—Sí. Siento haber interrumpido tu conversación con Erica, pero esto es demasiado importante. Se trata de Ariel.
—Habla —le pidió, acercándose a ella.
Durante los siguientes minutos, escuchó el relato de su diálogo con Ariel. Cada revelación intensificaba su dolor.
—Cielos, no tenía ni idea de que nos hubiese oído.
—Esto no es asunto mío, pero como se confió a mí, pensé que querrías aliviar su sufrimiento. Eres el único que puede hacerlo.

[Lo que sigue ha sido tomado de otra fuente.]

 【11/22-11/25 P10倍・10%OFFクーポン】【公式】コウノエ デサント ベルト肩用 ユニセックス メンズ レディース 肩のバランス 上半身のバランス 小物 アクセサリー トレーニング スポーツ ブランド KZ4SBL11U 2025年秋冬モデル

Pedro la miró fijamente a los ojos.
—Gracias por ser sincera conmigo y contármelo enseguida. Estoy en deuda contigo.
—Entonces estamos en paz.
Su sonrisa radiante lo cautivó. Tuvo que reprimir sus emociones, que eran demasiado profundas, demasiado intensas como para quedarse más tiempo a solas con ella.
—Espero que no te importe que le dijera a Ariel que podía quedarse en mi habitación y cenar conmigo y con su madre.

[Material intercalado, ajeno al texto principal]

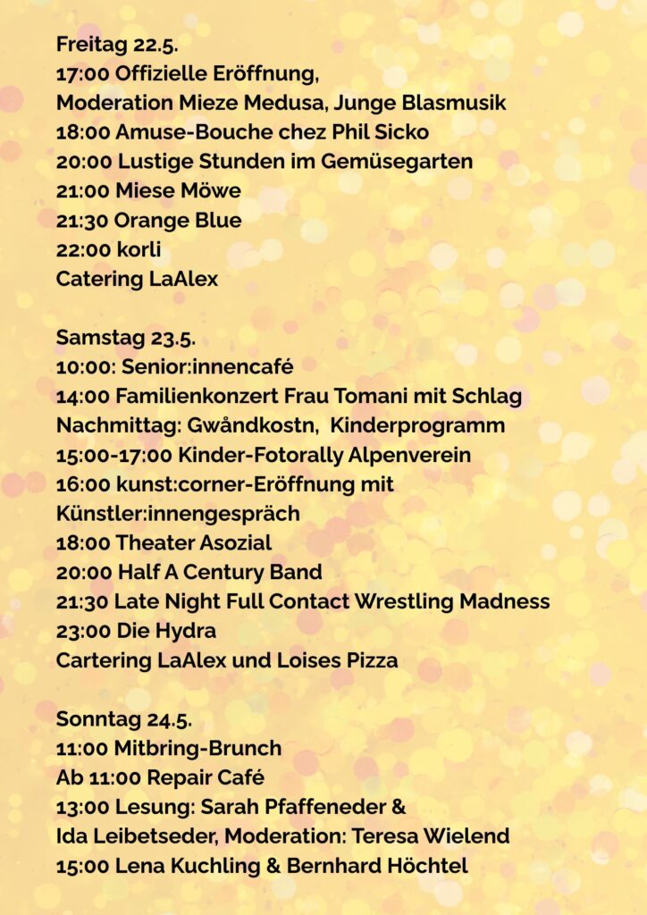 Veranstaltungskategorien: | Fest, Kunst:corner, Lesung, Moderiertes Gespräch, Musik, Sound, Theater

Teniendo en cuenta los sentimientos de Erica hacia Ariel, resultaba providencial. En otras circunstancias, a Pedro le habría encantado sumarse a la reunión.
—Estoy seguro de que estará encantado con la idea. Dile que después subiré a darle las buenas noches.

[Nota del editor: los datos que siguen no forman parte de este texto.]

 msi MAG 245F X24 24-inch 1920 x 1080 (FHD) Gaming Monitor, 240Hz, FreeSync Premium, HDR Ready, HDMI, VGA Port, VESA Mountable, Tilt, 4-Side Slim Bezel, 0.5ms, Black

Paula asintió y salió a paso rápido de la biblioteca. Cuando se quedó solo, Pedro asió la repisa de la chimenea con las dos manos y se quedó mirando las llamas. La situación con Ariel estaba en un momento crítico, lo mismo que su relación con Erica. Y aquella noche estaba viendo las cosas claras por primera vez. Tenía que agradecer a Paula que hubiese actuado inconscientemente como un catalizador para aclarar sus pensamientos. Aunque siempre había valorado los momentos que pasaba con Erica, su relación carecía de la base sólida necesaria para un matrimonio duradero. Las inseguridades de Erica no desaparecerían, al contrario, crecerían con el tiempo. Nunca cambiaría, y él tampoco. Por el bien de los dos, debía dejarla marchar. Cuando terminaran de cenar la llevaría en el yate de vuelta a Pireo. Cuando la dejara a la puerta de su casa, sabría que todo habría terminado. En cuanto diera su adiós final a Erica en Atenas, se reuniría con Costas y averiguaría lo que el abogado tenía que decirle. Pedro extendió la mano sobre la repisa. Después de tomarse tantas molestias, se negaba a aceptar que la ley de los dos países podía separar a madre y a hijo. Tenía que haber una solución. La encontraría.
— ¿Sabes qué? Creo que mi pequeño está cansado después de un día tan largo. Vamos a la habitación de mamá. Tengo una sorpresa para tí.
— ¿Sí? ¿Qué es?
—Lo sabrás enseguida.
Ariel se volvió hacia Paula.
-¿Quieres venir a verlo?
—Me encantaría, pero antes debo hacer una importante llamada de teléfono. ¿Me lo enseñarás mañana por la mañana?
El niño asintió.
—Buenas noches, Paula.
—Buenas noches, Ariel. Dulces sueños.
Una vez sola, Paula decidió intentar localizar a Carlos. Su número estaba en la agenda que había dejado sobre la mesa. Descolgó, pulsó las teclas y esperó.
— ¿Es usted la señora Gordon?
— Sí.
—Soy Paula Chaves, llamo desde Grecia. Sé que es tarde, pero soy una de las antiguas clientes de su marido, del Instituto Miguel Ángel. Me gustaría hablar con él, si es posible. Probé a llamarlo antes al instituto, pero no hubo respuesta. ¿Está en casa, por casualidad?
—Sí. Un momento. Gracias a Dios, estaba allí. Esperó con impaciencia a que se pusiera al teléfono.
— ¿Paula?
— ¡Carlos! Cómo me alegro de oír tu voz.
—Lo mismo te digo. Me has tenido en suspenso.
—Te he estado llamando a la oficina. ¿Cómo es que no estabas? ¿Te han cambiado el horario?